RTXteam / RTX

Software repo for Team Expander Agent (Oregon State U., Institute for Systems Biology, and Penn State U.)
https://arax.ncats.io/
MIT License
33 stars 21 forks source link

All query_graph qnodes must be ultimately connected to all other qnodes #772

Closed edeutsch closed 4 months ago

edeutsch commented 4 years ago

I propose that ARAX should return an error if any qnode in the query graph is not connected either directly or indirectly to every other node in the query_graph. I don't think such a query_graph should be answerable. See #640 and #771

Such checking is already implicit in the ARAXQueryGraphInterpreter because it will not match an existing template.

However, it might be nice to return a more descriptive error on what's wrong, since not matching a template is quite vague.

What do you think?

dkoslicki commented 4 years ago

Boils down to just checking (eg. With #773 ) if the QG has a single weakly connected component, right?

The only problem I could foresee is if someone wants to run NGD on a pair of nodes that aren’t connected by any KP. Basically wanting to run a DSL like:

Add_qnode(name=foo, id=n1)
Add_qnode(name=bar, id=n2)
Expand() #<— this might not work, but you get the gist
Overlay(action=Compute_ngd, source_qnode_id=n1, target_qnode_id=n2)
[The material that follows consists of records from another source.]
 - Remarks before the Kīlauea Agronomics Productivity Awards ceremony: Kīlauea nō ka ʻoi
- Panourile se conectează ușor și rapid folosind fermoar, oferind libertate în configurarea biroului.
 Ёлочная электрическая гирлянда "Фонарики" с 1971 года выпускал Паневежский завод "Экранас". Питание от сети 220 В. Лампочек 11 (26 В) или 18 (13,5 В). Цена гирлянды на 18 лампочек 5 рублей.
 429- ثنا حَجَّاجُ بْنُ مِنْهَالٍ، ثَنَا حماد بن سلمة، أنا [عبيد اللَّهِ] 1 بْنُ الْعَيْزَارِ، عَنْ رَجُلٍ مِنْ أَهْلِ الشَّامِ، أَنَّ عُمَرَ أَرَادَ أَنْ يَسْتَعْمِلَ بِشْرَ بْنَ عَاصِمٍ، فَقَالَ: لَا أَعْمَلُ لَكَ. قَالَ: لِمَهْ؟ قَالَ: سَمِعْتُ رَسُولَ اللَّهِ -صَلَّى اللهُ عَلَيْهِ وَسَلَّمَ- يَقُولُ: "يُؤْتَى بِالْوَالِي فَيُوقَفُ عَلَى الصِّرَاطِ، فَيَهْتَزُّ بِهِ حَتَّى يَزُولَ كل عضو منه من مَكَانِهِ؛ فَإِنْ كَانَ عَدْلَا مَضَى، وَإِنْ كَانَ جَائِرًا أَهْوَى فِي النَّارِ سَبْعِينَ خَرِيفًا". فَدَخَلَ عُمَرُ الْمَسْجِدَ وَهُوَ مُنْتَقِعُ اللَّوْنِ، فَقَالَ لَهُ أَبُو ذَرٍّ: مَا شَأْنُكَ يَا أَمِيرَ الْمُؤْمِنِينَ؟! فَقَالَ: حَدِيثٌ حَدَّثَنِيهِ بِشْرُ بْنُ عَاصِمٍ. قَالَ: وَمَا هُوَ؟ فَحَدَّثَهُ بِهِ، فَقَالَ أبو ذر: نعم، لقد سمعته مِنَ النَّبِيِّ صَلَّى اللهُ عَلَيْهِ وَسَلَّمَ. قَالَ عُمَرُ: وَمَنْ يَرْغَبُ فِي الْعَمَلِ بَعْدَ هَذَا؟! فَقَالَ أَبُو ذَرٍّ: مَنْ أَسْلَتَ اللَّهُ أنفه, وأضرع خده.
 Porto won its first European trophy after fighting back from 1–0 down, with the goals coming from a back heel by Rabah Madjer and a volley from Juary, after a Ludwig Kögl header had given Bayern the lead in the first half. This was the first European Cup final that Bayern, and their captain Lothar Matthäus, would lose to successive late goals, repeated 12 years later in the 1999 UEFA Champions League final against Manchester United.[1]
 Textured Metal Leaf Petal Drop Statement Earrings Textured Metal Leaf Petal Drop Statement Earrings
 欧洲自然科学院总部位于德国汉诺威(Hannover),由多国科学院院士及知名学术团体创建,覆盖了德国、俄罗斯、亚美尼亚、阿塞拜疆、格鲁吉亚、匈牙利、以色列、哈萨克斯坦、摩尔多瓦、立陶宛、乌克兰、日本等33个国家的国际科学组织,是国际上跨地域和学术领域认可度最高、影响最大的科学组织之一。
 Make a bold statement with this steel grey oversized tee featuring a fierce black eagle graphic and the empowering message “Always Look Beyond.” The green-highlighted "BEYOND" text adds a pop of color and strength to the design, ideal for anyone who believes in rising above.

Here, the QG isn’t connected until after the overlay step adds the virtual edge.

So I guess it boils down to when it should be checked if the QG has a single weakly connected component.
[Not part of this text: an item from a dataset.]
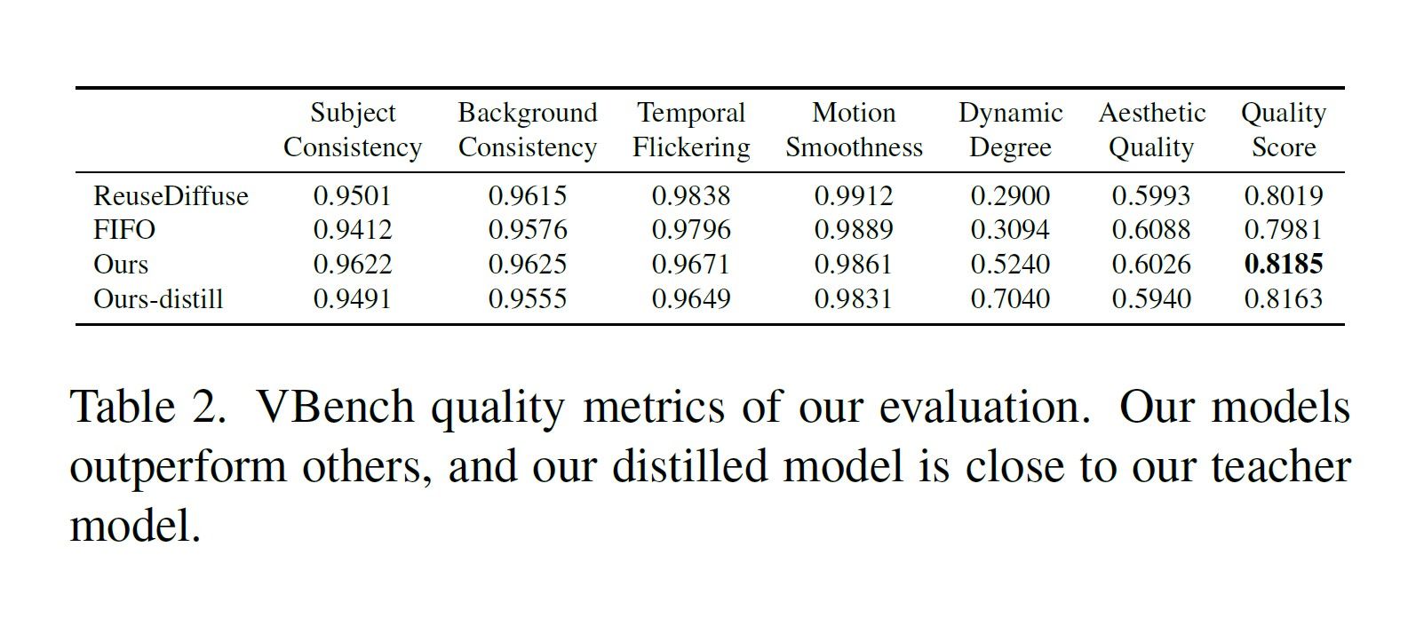VBenchと呼ばれる動画品質評価ベンチマークを用いた定量評価(論文 Table 2)では、多くの指標でStreamDiTが優位だったが、特に差が顕著だったのが「Dynamic Degree(動きの度合い)」である。既存手法が静的なコンテンツを生成しがちだったのに対し、StreamDiTは遥かにダイナミックで動きのある動画を生成できることが示された。

edeutsch commented 4 years ago

Would you define "weakly connected"? I used "directly connected" and "indirectly connected" and "ultimately connected", but I don't know the terms of art with respect to graphs. Is "weakly connected" the correct term of art for nodes that have some path of 2..N hops between them?

I propose the DSL for that intent should be this:

add_qnode(name=foo, id=n1) add_qnode(name=bar, id=n2) add_qedge(source_id=n1,target_id=n2, id=e1) overlay(action=Compute_ngd, source_qnode_id=n1, target_qnode_id=n2) resultify()
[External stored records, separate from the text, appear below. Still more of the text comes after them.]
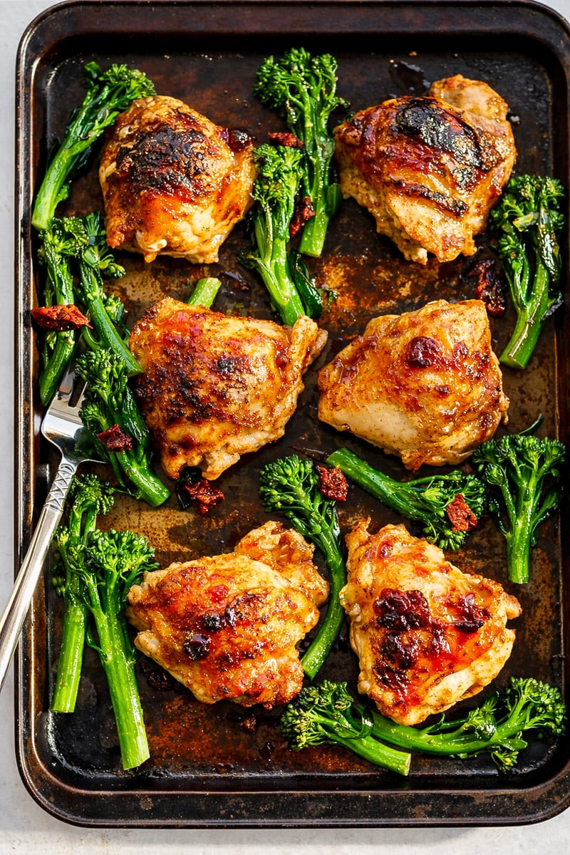 Honey Balsamic Chicken Thighs with Broccolini (Sheet Pan)
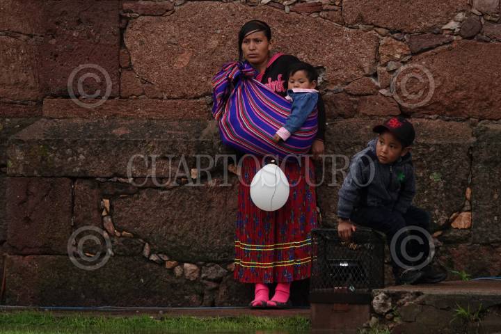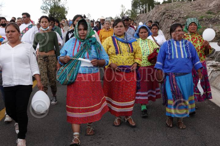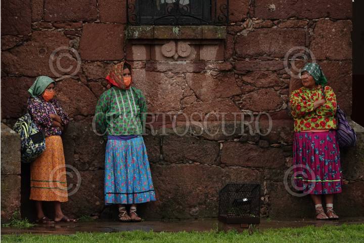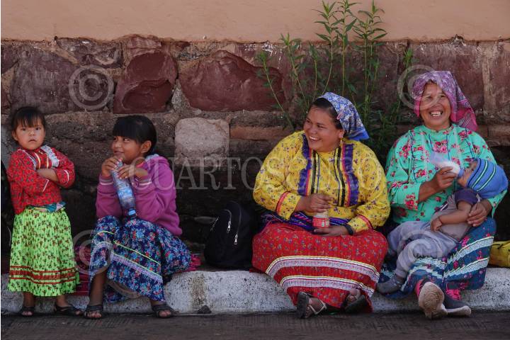 Mujeres y niñas rarámuri conversan y ríen en Cerocahui, en el municipio de Urique de la Sierra Tarahumara
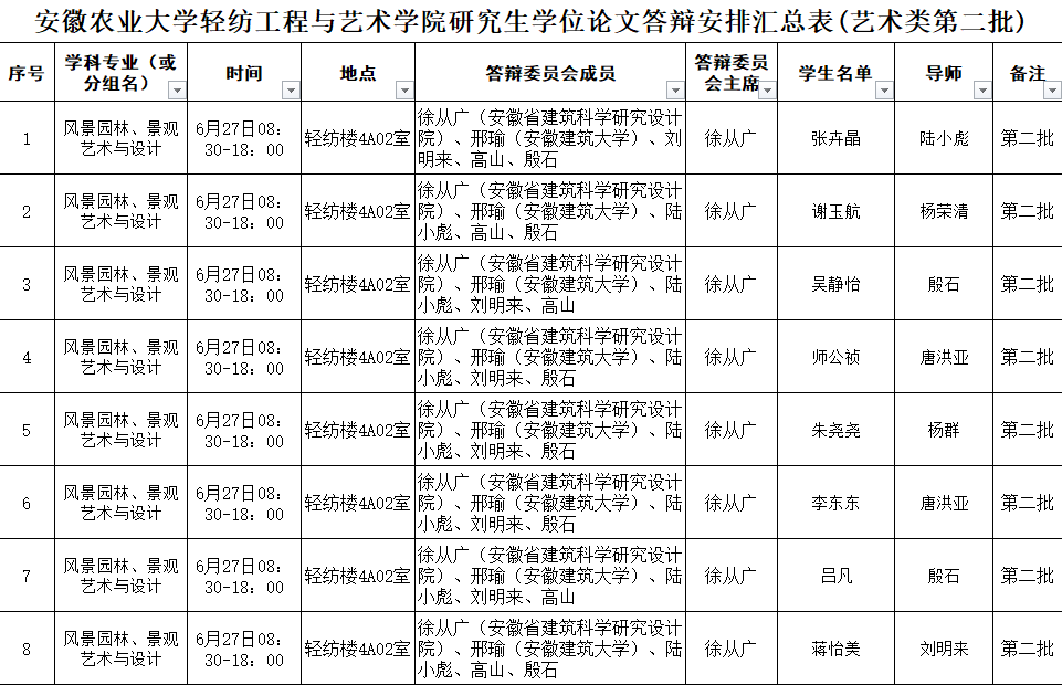 安徽农业大学轻纺工程与艺术学院研究生学位论文答辩安排汇总表(艺术类第二批)

n1 and n2 are posited to be connected somehow, and thus e1 forms that connection. There is no desired expand(). Only to compute NGD.

I would argue that "what is the NGD between foo and bar?" translates to two qnodes and the "between" translates to a qedge of unspecified type between them.

One could envision inserting before the overlay() above: expand(edge_id=e1,kp=ARAX/KG2,continue_if_no_results=True) for an added twist. But not necessary if all the user wants is NGD.

Does this seem reasonable? And preserve the proposed issue title question?

amykglen commented 4 years ago

There is no desired expand().

If Expand isn't called, when will the actual Nodes corresponding to the two QNodes be added to the KnowledgeGraph?

edeutsch commented 4 years ago

Yes, you're quite right right. It seems like expand() is a required step as part of any workflow. My DSL code above is flawed in several ways. See #774 for what I'm currently trying.

In that, I'm thinking the user would have to do: expand(edge_id=e1,kp=ARAX/KG2,continue_if_no_results=True)

Although perhaps an alternative if the user really didn't want any edge expansion is just to expand the nodes:

expand(node_id=[n1,n2],kp=ARAX/KG2)

that syntax seems to work! Nice! So here's a full workflow:

add_qnode(name=acetaminophen, id=n1) add_qnode(name=scabies, id=n2) add_qedge(source_id=n1,target_id=n2, id=e1) expand(node_id=[n1,n2],kp=ARAX/KG2) overlay(action=compute_ngd, virtual_edge_type=NGD, source_qnode_id=n1, target_qnode_id=n2) resultify()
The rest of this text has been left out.